**Data segment**
============
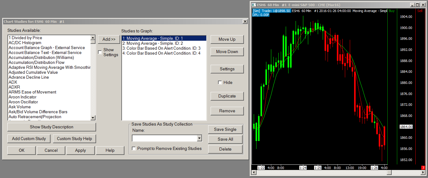 Use two instances of the Color Bar Based On Alert Condition study, one for each color, with these formulas on the respective Alerts tab: Green: =ID1.SG1>ID2.SG1 Red: =ID1.SG1<ID2.SG1 where the faster MA is ID1 and the slower MA is ID2. Edit as needed. |
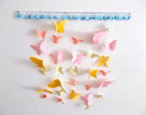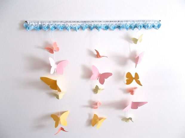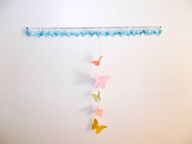 Comenzar agregando cadenas desde el medio hacia fuera. Tomar una cadena de mariposas y lazo en la parte superior del cordón a través de la punta del centro de punto de ganchillo (o sólo lazo sobre la barra, si no de ganchillo). Luego haga dos nudos para fijar la cadena. Esconder la cola como escondió las colas para el crochet trim (quinta imagen del paso 5). Enjuague y repita hasta que todas las cadenas de la mariposa se unen.
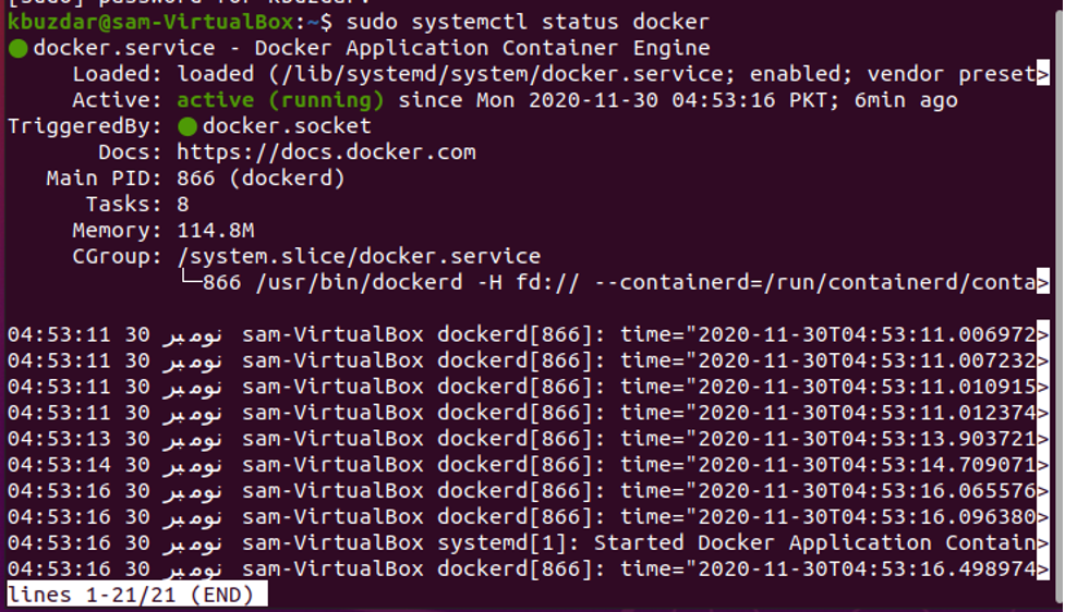 In this step, we will guide you that how to give certain permissions to any user using the Docker tool. You can replace “samreena” with the account name used to whom you are giving specific permission. However, run the following command to do this:
============
**What the task asks**
Pictures must be left out. Repeat exactly the lines from the one containing "Comenzar agregando cadenas" through the final line of the data.

**Answer to this problem**
 Comenzar agregando cadenas desde el medio hacia fuera. Tomar una cadena de mariposas y lazo en la parte superior del cordón a través de la punta del centro de punto de ganchillo (o sólo lazo sobre la barra, si no de ganchillo). Luego haga dos nudos para fijar la cadena. Esconder la cola como escondió las colas para el crochet trim (quinta imagen del paso 5). Enjuague y repita hasta que todas las cadenas de la mariposa se unen.
 In this step, we will guide you that how to give certain permissions to any user using the Docker tool. You can replace “samreena” with the account name used to whom you are giving specific permission. However, run the following command to do this:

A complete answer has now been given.